2016-03-14 Thread Phil Hunt
Thanks to Mike and John for their feedback.  I’ll take each in turn:

Mike,

Regarding your suggested amendments

Item 1: Returning the config URL would create two problems. One,it makes bound 
discovery a two-step process - that adds complexity.  It seems far simpler to 
mandate TLS (which I think it already does in the security considerations).  

The two-step process allows the current discovery process to continue. I 
disagree with this. This is why I put forward an “alternate" draft that is 
almost the same but simply adds the check before returning the configuration 
data.  I worry that  developers would have no incentive to do the two-step 
approach. They would just start at step 2 which in turn puts AS’s at risk of 
exposing tokens because it works. This makes OAuth promiscuous.

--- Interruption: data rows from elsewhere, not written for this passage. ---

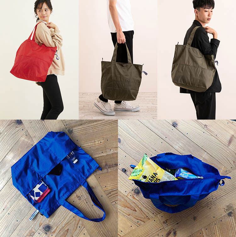 ポケット充実、大きめサイズのエコバッグ。コンパクトに収納できるので、毎日のお買い物や旅行先で荷物が増えてしまった時など、様々なシーンで大活躍。トップファスナーがついているので、中身がこぼれ落ちる心配もありません。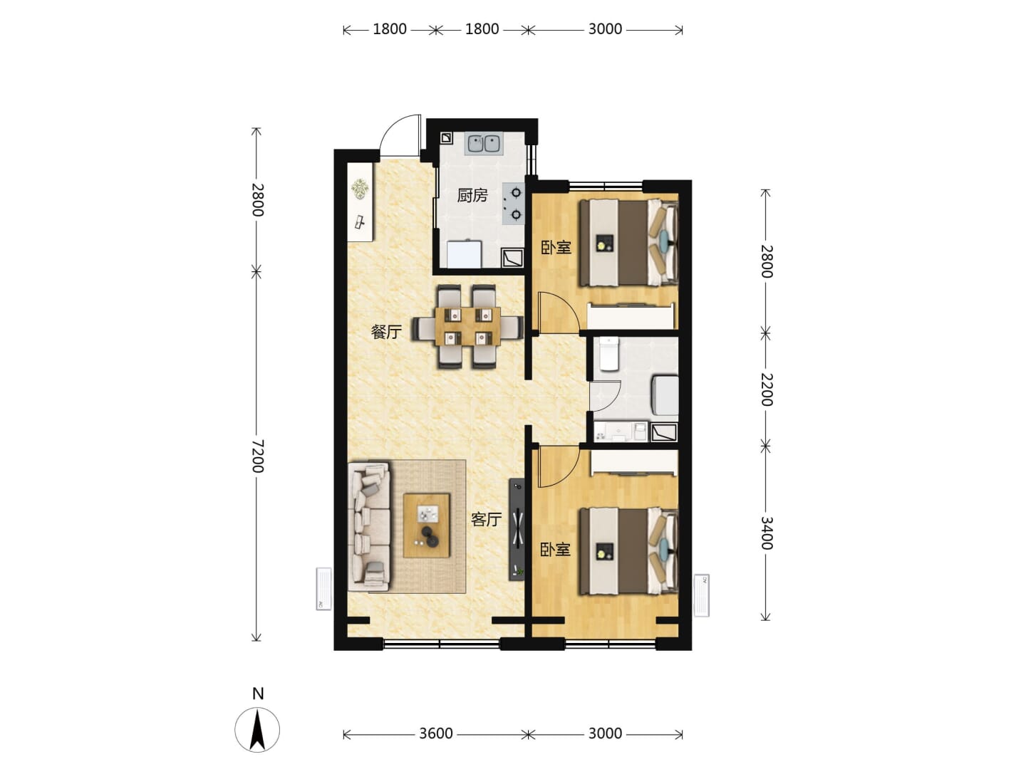 了解2室2厅1卫 住宅 在售户型的详细信息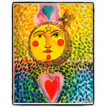 A depiction of a Palestine of abundance in happier times, past and future. A woman wearing a keffiyeh stands with an offering amidst a lush grove of oranges, a representation of the strong connection between the Palestinian people and their land. \n \nThe piece was originally created on a wooden heart-shaped block, amidst Israel's genocidal attacks on Gaza. It was Ricardo's 2024 entry in "Mira Mi Coraz<span class="kY2IgmnCmOGjharHErah">ó</span>n," the annual art fundraiser for El Colegio High School in Minneapolis.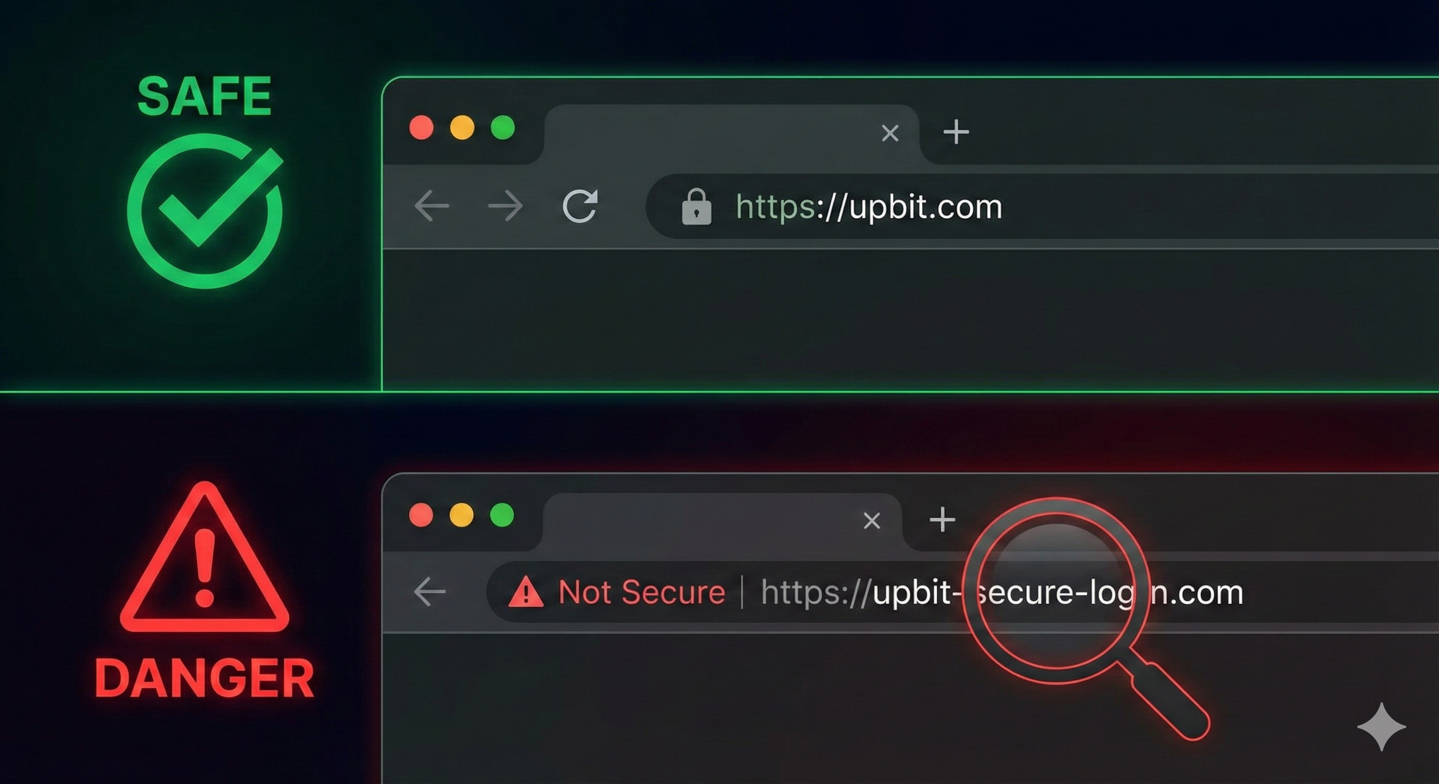 가짜주소(예시) : upbit-login.com, upbiit.com, u-pbit.com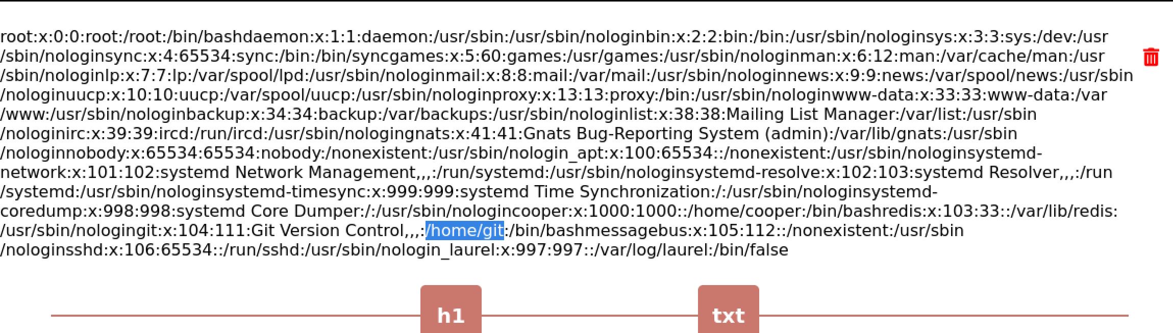 Forwarding the requests through we get back the /etc/passwd page and confirm that the ID parameter is vulnerable to LFI. We can also make a note of a second discovered user, git.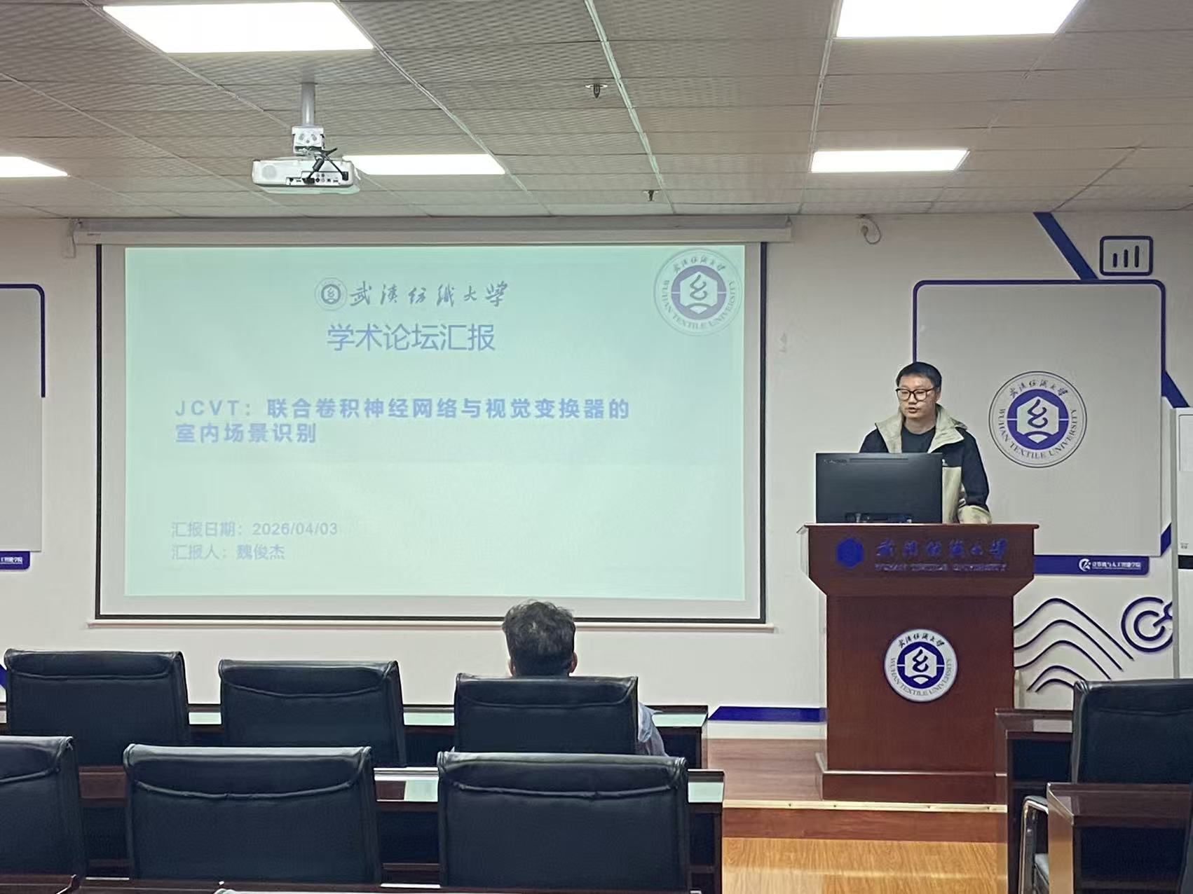 魏俊杰同学分享的主题为“Joint CNN and Vision Transformer for Indoor Scene Recognition”。室内场景识别在智能家居、机器人导航等领域潜力显著,但精度提升仍面临瓶颈。卷积神经网络(CNN)擅于提取局部特征却难以建模长距离依赖,视觉变换器(ViT)则擅长捕捉长距离依赖,两者具有互补优势。为此,提出一种CNN与ViT融合的室内场景识别方法:设计局部增强视觉变换器模块增强Agent-CsWin Transformer的局部建模能力;构建语义增强卷积神经网络模块,以删除分类层的ResNet50为编码器、卷积层为解码器挖掘语义信息;将上述模块与原始ResNet50融合,生成综合特征表示。在MIT67、SUN116和Place120数据集上,识别准确率分别达87.84%、81.22%和63.77%。对比与消融实验验证了方法的有效性与各模块的必要性。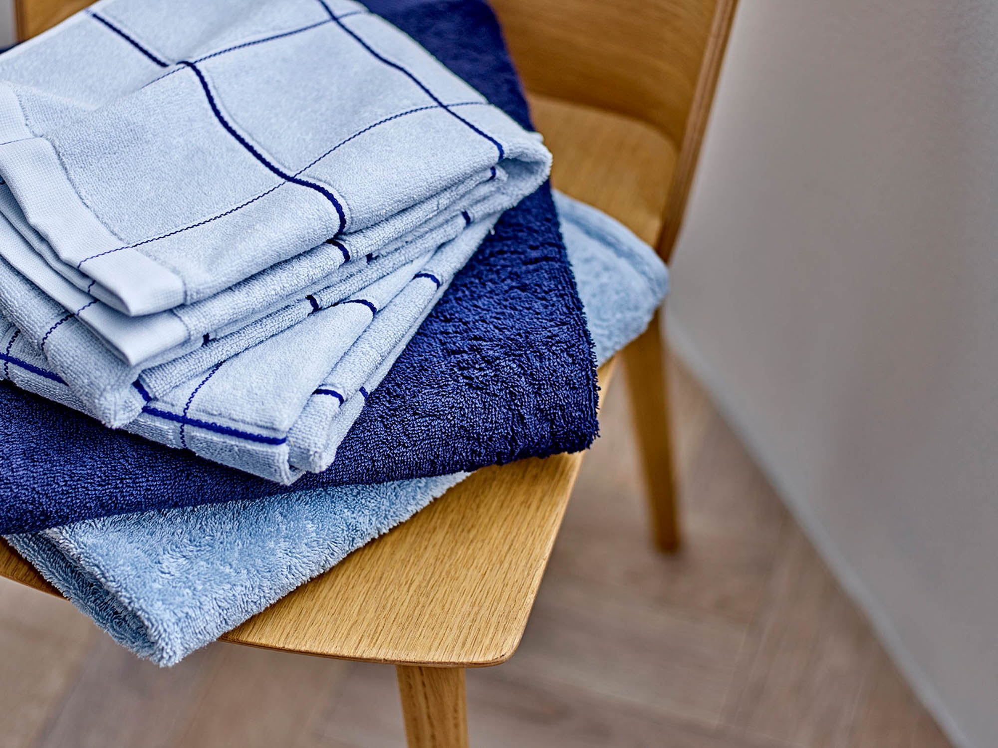 We always recommend that brand new towels are soaked in cold water before the first wash - this way you improve the towels' absorbency. In addition, the towels can advantageously be tumble dried to preserve their fullness and softness.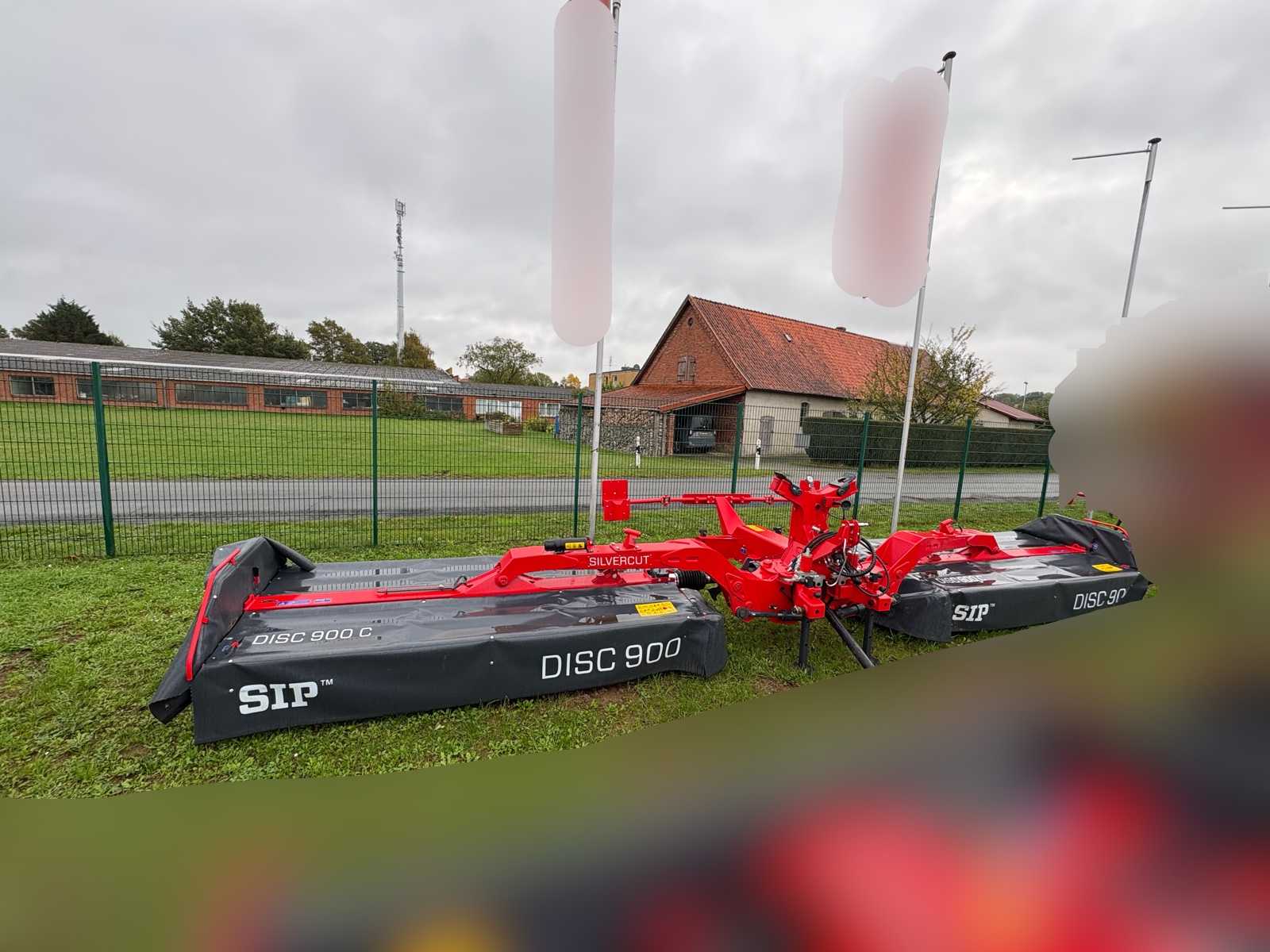 Double mower combination in mint condition with 9.00 m working width • Manufacturer: SIP Strojna Industrija d.d., Slovenia • Type: FRAME SC DISC 900 C (N) • Serial number: SN50583 • Net weight: approx. 1 148 kg • Made in Slovenia • PTO: 4-speed (540 / 540E / 1000 / 1000E) • Drive via drive shafts, hydraulic folding and relief system • Robust frame construction, maintenance-friendly design • Disc mower with speed blade change system • Hydraulic system tight and fully functional, no leaks • Tarpaulins, drive shafts, spring mechanisms and protective covers in very good condition • Minimal flash rust on the mower discs due to service life – technically flawless • Transport width under 3 m, ideal for road travel Auction-ID: 03Q-JPL-2

Regarding existing implementations. Most of those implementations are for OIDC. 
 I think it makes sense for OIDF to continue use of OIDC's discovery spec 
because the UserInfo endpoint is well defined and the likelihood of a client 
mis-informed about the resource endpoint is not there.  IMO This does not apply 
to the broader OAuth community.

Item 2:  It may be appropriate to have a separate configuration registry 
specification, but I think we should hold off until we have a complete solution 
and then make the decision what drafts should exist and how many pieces.  A big 
concern is the perceived complexity of multiple solutions and multiple drafts.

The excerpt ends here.